Yvon Chouinard: next 50 years will be tough

In 2022, founder Yvon Chouinard gave the company to the earth. All shares went to two entities: the Patagonia Purpose Trust, which safeguards the values, and the Holdfast Collective, which uses profits for nature conservation. Since then, the organisation has transferred 180 million dollars to the Holdfast Collective. The funds are used to protect ecosystems and support climate action.

In the foreword, founder Yvon Chouinard writes that profit has never been a goal for Patagonia. He also states that efforts to do better have not yet been enough. The report's tone is sobering: the climate crisis is worsening, “a fact that disappears in a sea of lies.” Chouinard predicts a difficult future, partly because he has seen fellow leaders succumb to cynicism and profiteering. Yet, he states, “we can challenge the fatal forms of capitalism that brought us here by taking a first step.” It is also frankly mentioned that he himself has worked hard for this until the age of 87.

Slow but steady progress

The report contains a complete, verified data collection on Patagonia's materials, greenhouse gas emissions and labour practices for the first time. The results are mixed:

Despite a steadily decreasing emission intensity, totalling 20 percent over the past seven years, total CO₂ emissions increased by one percent in the last year (2024). This was caused by a product shift to high-impact materials for items like tote bags. According to Patagonia, the goal of reaching net-zero by 2040 requires a reduction of about ten percent per year, a challenge the report acknowledges. A reduction is expected again in 2026. Emissions at offices and production facilities have already been reduced to almost zero through the transition to renewable energy.

84 percent of fabrics and trims are already so-called “preferred materials”, and the factories where they are processed are mostly certified. For example, 95 percent of products are Fair Trade Certified.

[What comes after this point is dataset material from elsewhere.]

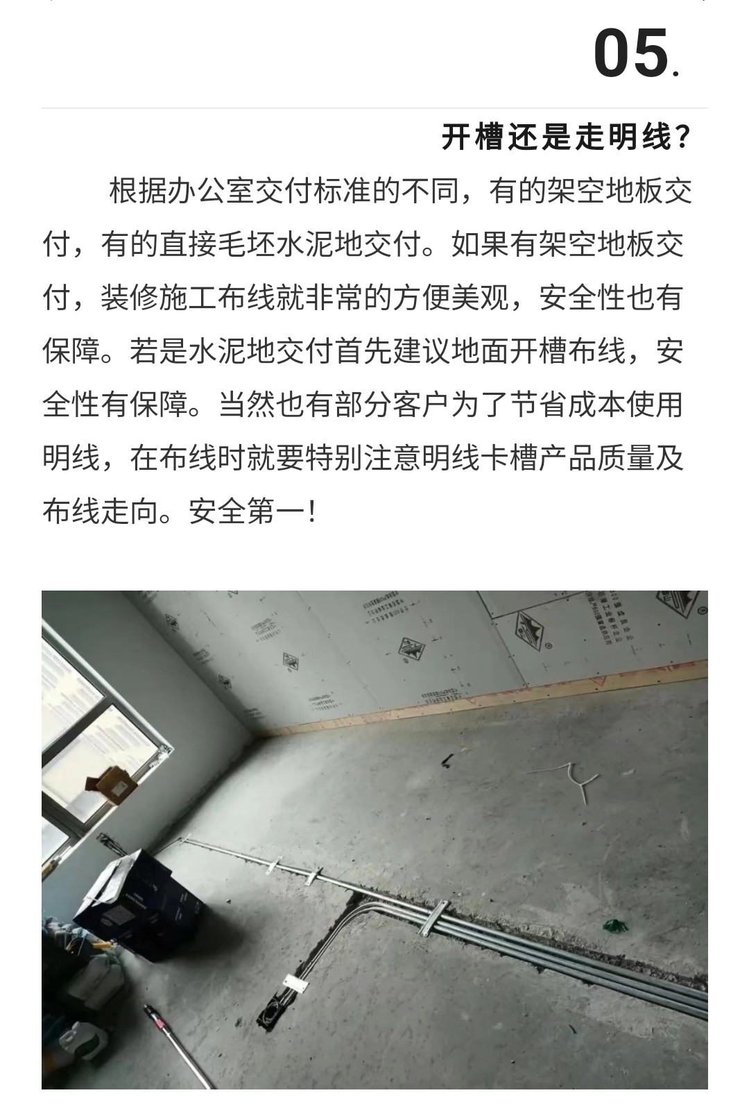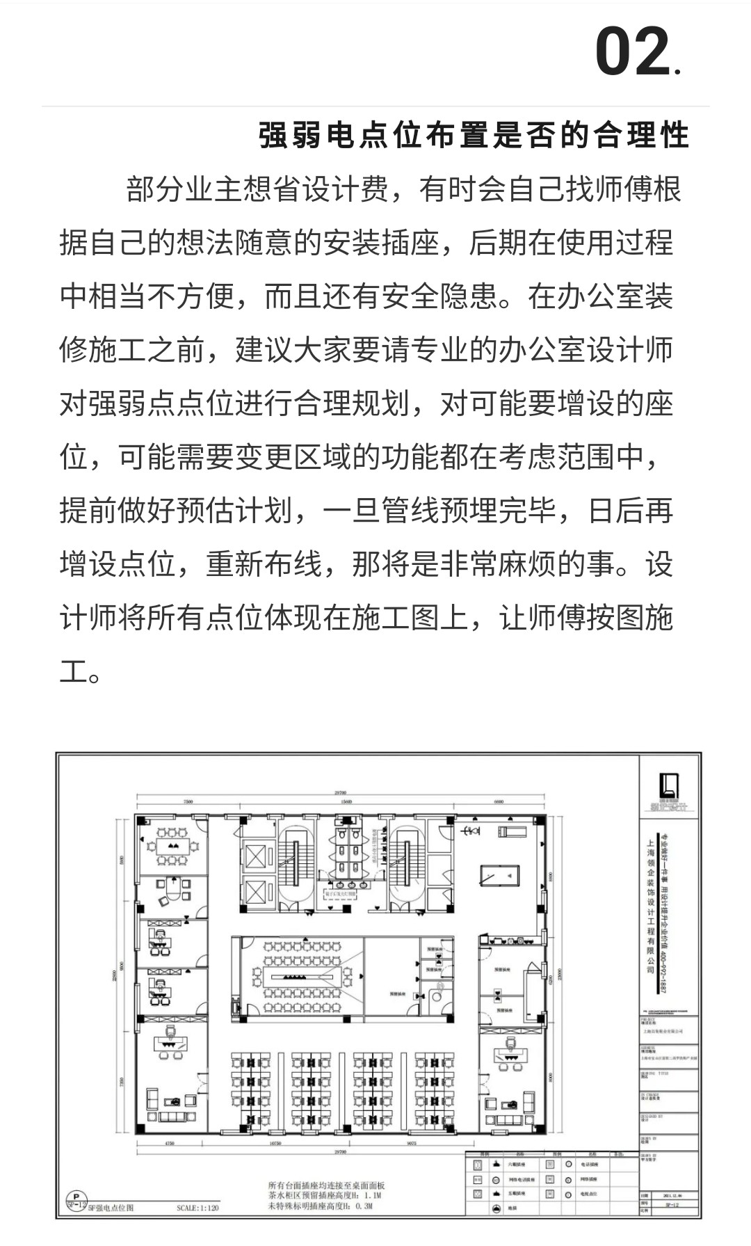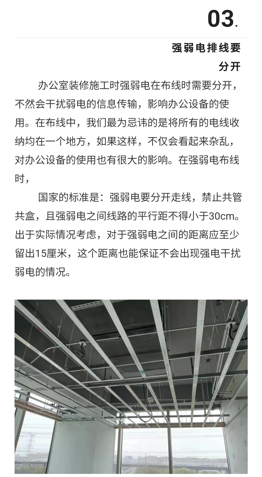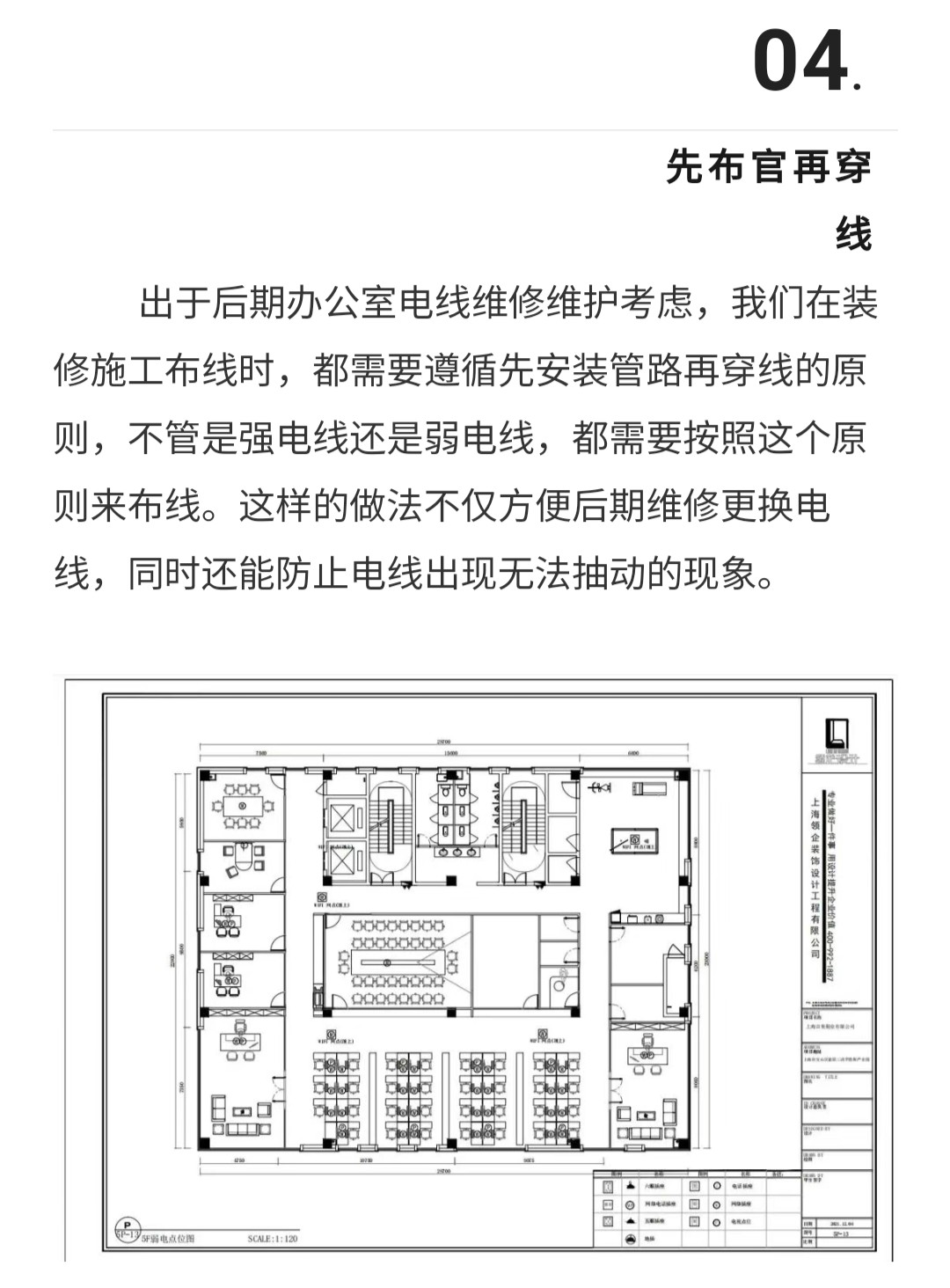 在办公室装修设计之中,安全性是非常需要重视的,尤其是强弱电布线这一部分,通常我们把电话线、网络线、视频线及音响线等称之为弱电线,其他则称为强电线),前期办公室布线设计好对后期的施工提供了坚韧的基础,也会影响着办公室的整个装修的质量和美观性的效果。办公室设计装修的布线也是有很多的设计施工技巧及注意事项的,办公室装修设计时强弱电布线有哪些施工技巧?注意事项什么?

Only six percent of the synthetic materials used by Patagonia are recycled, not the predicted 50 percent. “Yikes,” Patagonia itself writes, a sign of internal frustration. The disappointing score is due to a deliberate switch from easily recyclable plastic bottles to more difficult, but more sustainable, waste sources such as fishing nets from the seabed. This proved more difficult to implement on a large scale.

There is still much work to be done regarding workers, as only 39 percent of the factories where Patagonia produces pay a living wage. Another 29 percent are at 80 percent of that amount, and the rest pay half, which is not enough to live on.

A milestone for Patagonia is the elimination of hazardous PFAS substances. After 20 years of research, all new products are free of these intentionally added ‘forever chemicals’.

Patagonia's corporate donations through organisations like 1% for the Planet have totalled 240 million dollars since its founding, with nearly 15 million dollars spent in the past year.

Broader understanding of sustainability

Patagonia's approach extends beyond production interventions, areas to which a clear figure can be attached. The company also invests in activism; supports grassroots movements; and refuses to advertise via Meta. Its banking relationships were also scrutinised. Patagonia now only works with financial institutions that have policies to limit investments in coal, tar sands and Arctic oil.

“Financing is not a passive tool,” the report states. “It can be a lever for justice or harm.” This principle led to a review of all financial partners, with sustainability criteria now a standard part of tenders. The company's intentions to buy carbon credits have also been tempered by this process.

Culture of reflection

CEO Ryan Gellert wrote in his contribution to the report that progress is not linear: “Sometimes it’s messy and even painful, but ultimately, that too is progress.”

In this spirit, the document also reflects on failures, such as not meeting the goal for better-recycled synthetic fibres and having overly optimistic ideas about scaling up regenerative cotton. The report shows that the corporate culture relies on such honest reflections. Chouinard stated: “The fear of making mistakes along the way should not stop us from ultimately trying to do the right thing.”

This article was translated to English using an AI tool.